### Recorded data
******

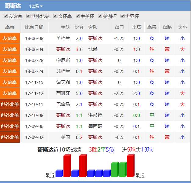 北美劲旅哥斯达黎加世预赛北美区比赛中力压巴拿马排名第2直接晋级世界杯,小组出线概率5.35是小组中最不被看好的球队,主力后卫弗朗西斯科卡尔沃效力于美职球队明尼苏达联,本赛季联赛中场均完成5.8次解围排名联赛第3多,此前39次面对欧洲球队取得10胜10平19负,不败率超过50%,上场比赛主力出战的情况下0-2不敌本届世界杯热门英格兰,最近4次面对欧洲球队取得2胜2负,输球的比赛从未净负超过2球。
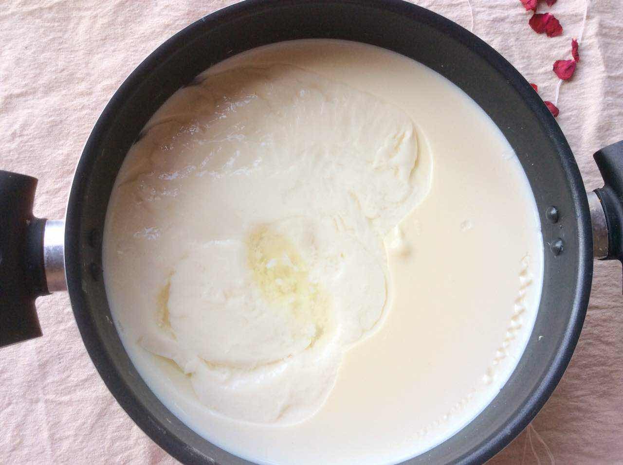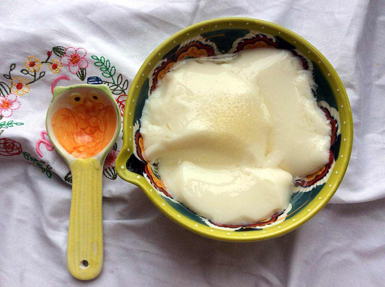 7,融化的内酯倒入豆浆里面,用勺子轻轻搅拌均匀。再盖上锅盖,静置10到15分钟样子,豆花就凝固好了哦这是我第一次做的,用的300克的豆子做的,好大一锅,后面送给小区的朋友了
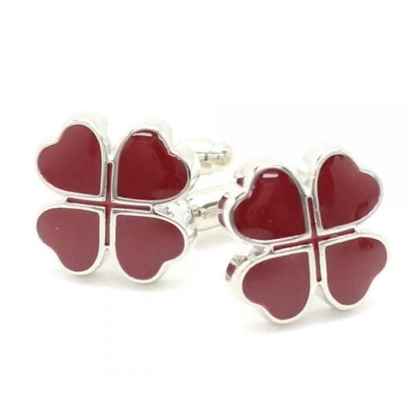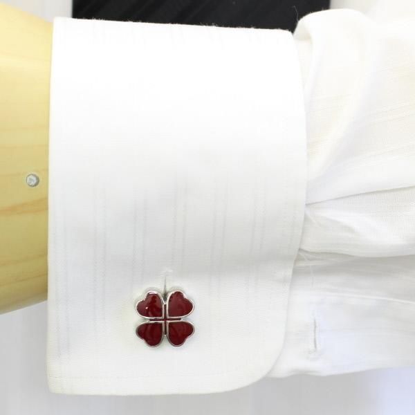 ラッキーを呼ぶ四葉のクローバー・レッドのカフス(カフリンクス/カフスボタン)
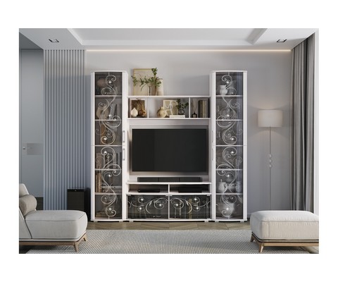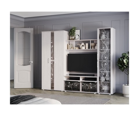 Стеклопенал Флоренция (ясень белый) комплектуется 6-ю полками.
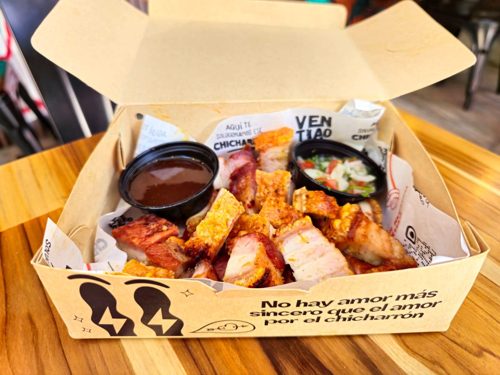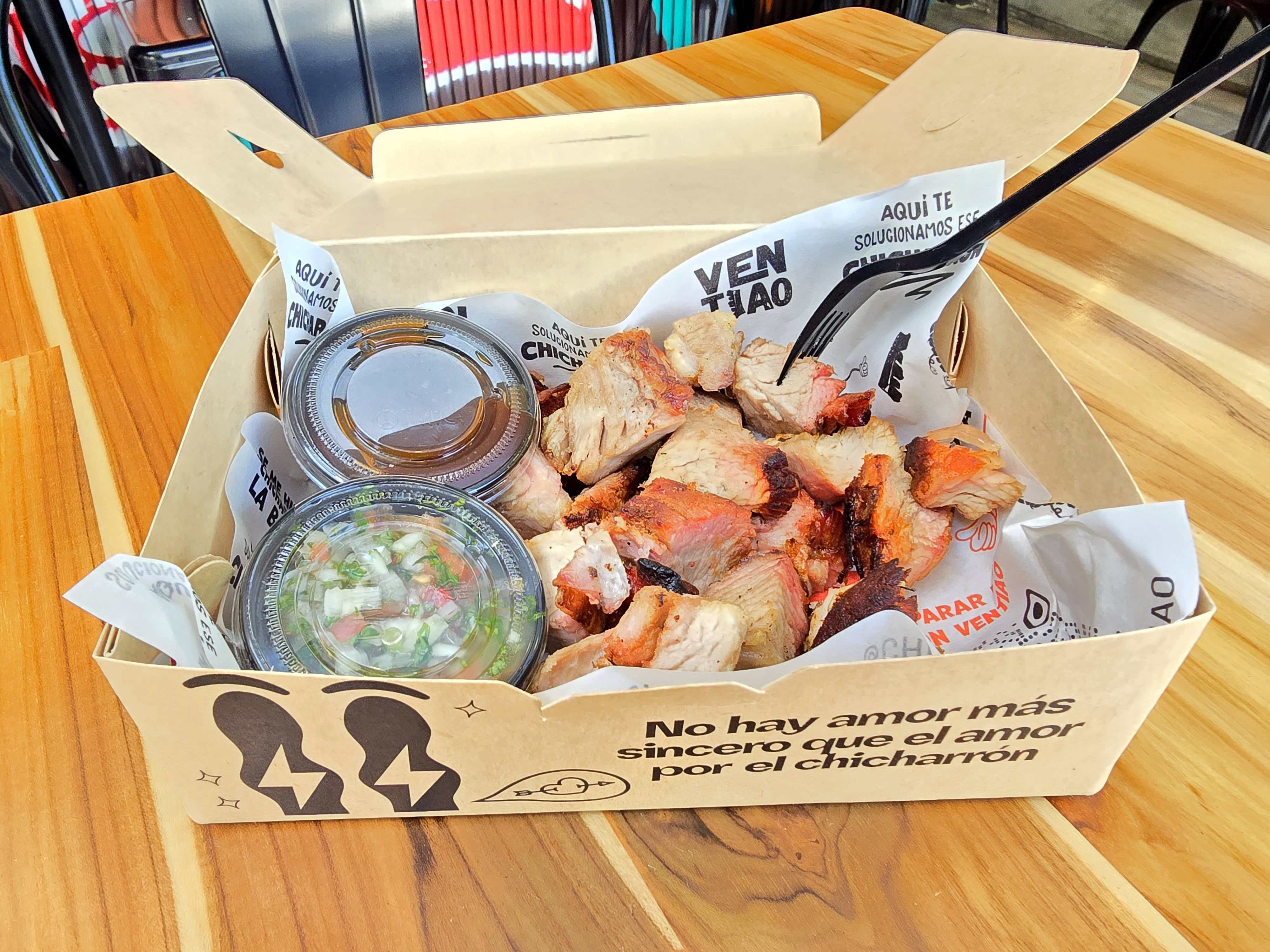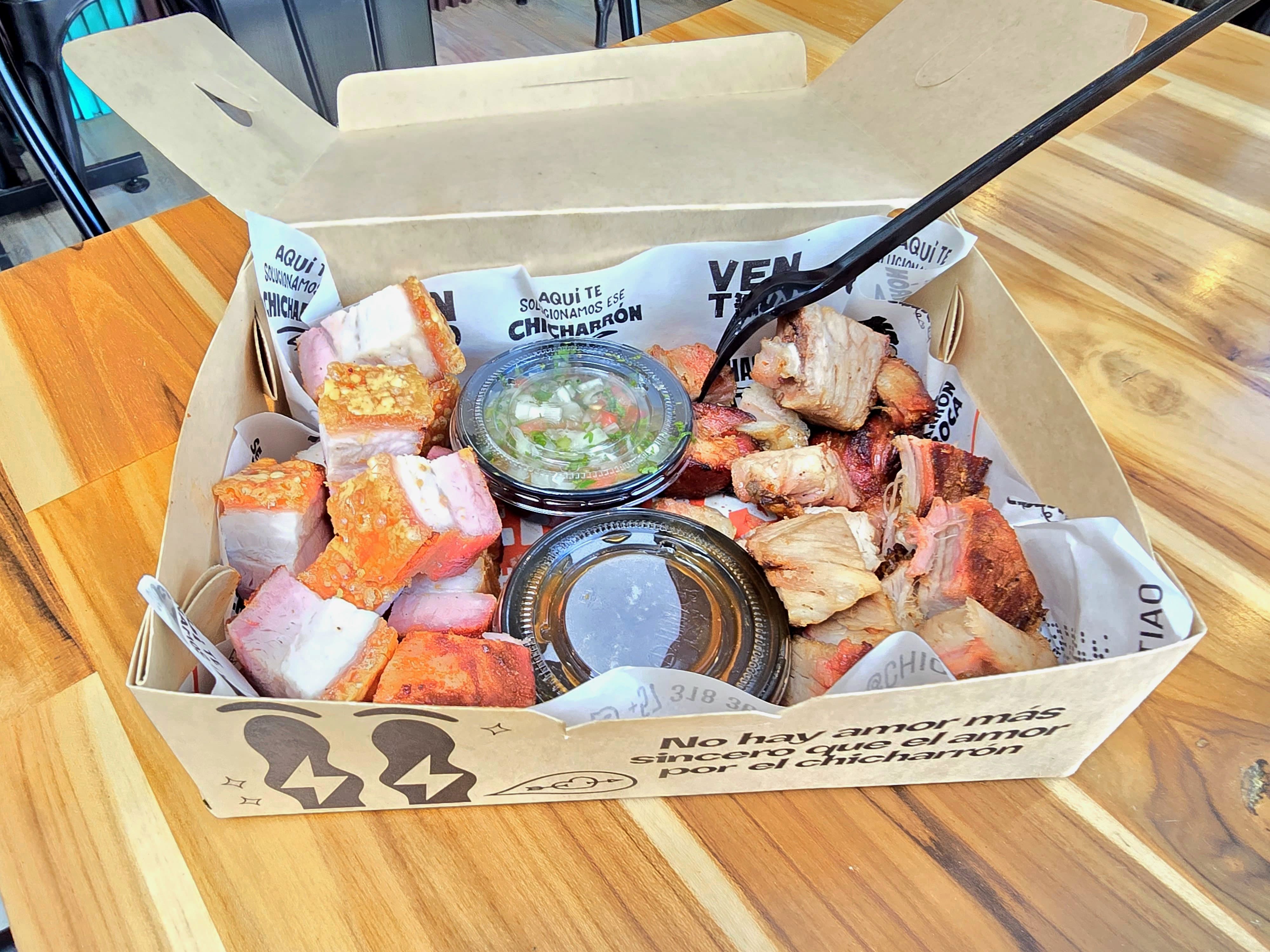 Porción personal de 260 gr de Chicharron crocante preparado al barril con papa acompañado de nuestra salsa verde, salsa barbecue y pico de gallo.
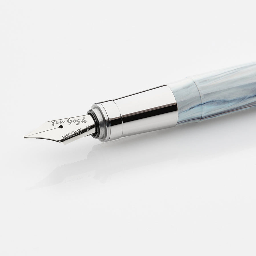 The Van Gogh “Old Vineyard with Peasant Woman” fountain pen is equipped with a personalised steel nib.
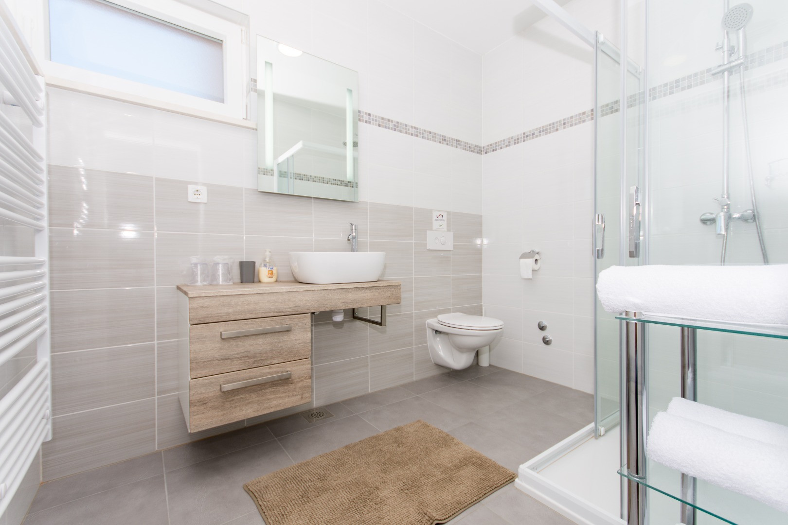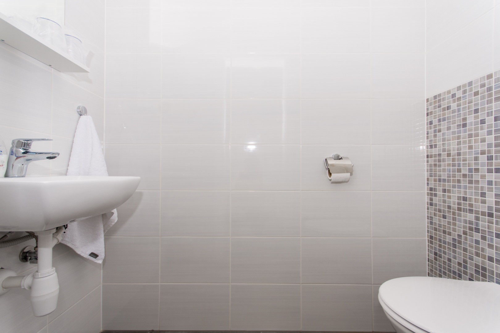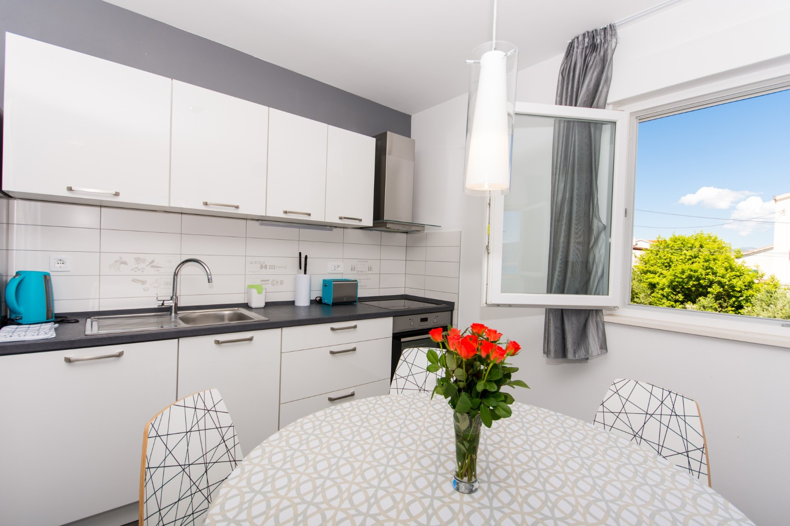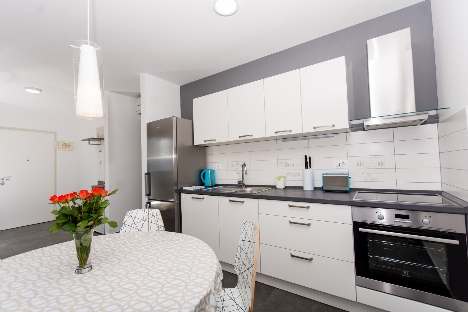 A two-bedroom apartment located on the mezzanine level between the ground and first floor, featuring an open sea view. It consists of two bedrooms with king-size beds (180 × 200 cm), each with an en-suite bathroom and WC; an additional guest WC; a fully equipped kitchen; a living area with a corner sofa set; and a large balcony with an open sea view. The apartment is ideal for a family with two children, two couples, or a group of four. Every room is air-conditioned and has Wi-Fi and SAT TV with free-to-air channels. Car parking is provided in a large on-site parking area within the property.

******

### Your goal
What you give back should match the entries above exactly, except that pictures are dropped.

### Answer space
 北美劲旅哥斯达黎加世预赛北美区比赛中力压巴拿马排名第2直接晋级世界杯,小组出线概率5.35是小组中最不被看好的球队,主力后卫弗朗西斯科卡尔沃效力于美职球队明尼苏达联,本赛季联赛中场均完成5.8次解围排名联赛第3多,此前39次面对欧洲球队取得10胜10平19负,不败率超过50%,上场比赛主力出战的情况下0-2不敌本届世界杯热门英格兰,最近4次面对欧洲球队取得2胜2负,输球的比赛从未净负超过2球。
 7,融化的内酯倒入豆浆里面,用勺子轻轻搅拌均匀。再盖上锅盖,静置10到15分钟样子,豆花就凝固好了哦这是我第一次做的,用的300克的豆子做的,好大一锅,后面送给小区的朋友了
 ラッキーを呼ぶ四葉のクローバー・レッドのカフス(カフリンクス/カフスボタン)
 Стеклопенал Флоренция (ясень белый) комплектуется 6-ю полками.
 Porción personal de 260 gr de Chicharron crocante preparado al barril con papa acompañado de nuestra salsa verde, salsa barbecue y pico de gallo.
 The Van Gogh “Old Vineyard with Peasant Woman” fountain pen is equipped with a personalised steel nib.
 A two-bedroom apartment located on the mezzanine level between the ground and first floor, featuring an open sea view. It consists of two bedrooms with king-size beds (180 × 200 cm), each with an en-suite bathroom and WC; an additional guest WC; a fully equipped kitchen; a living area with a corner sofa set; and a large balcony with an open sea view. The apartment is ideal for a family with two children, two couples, or a group of four. Every room is air-conditioned and has Wi-Fi and SAT TV with free-to-air channels. Car parking is provided in a large on-site parking area within the property.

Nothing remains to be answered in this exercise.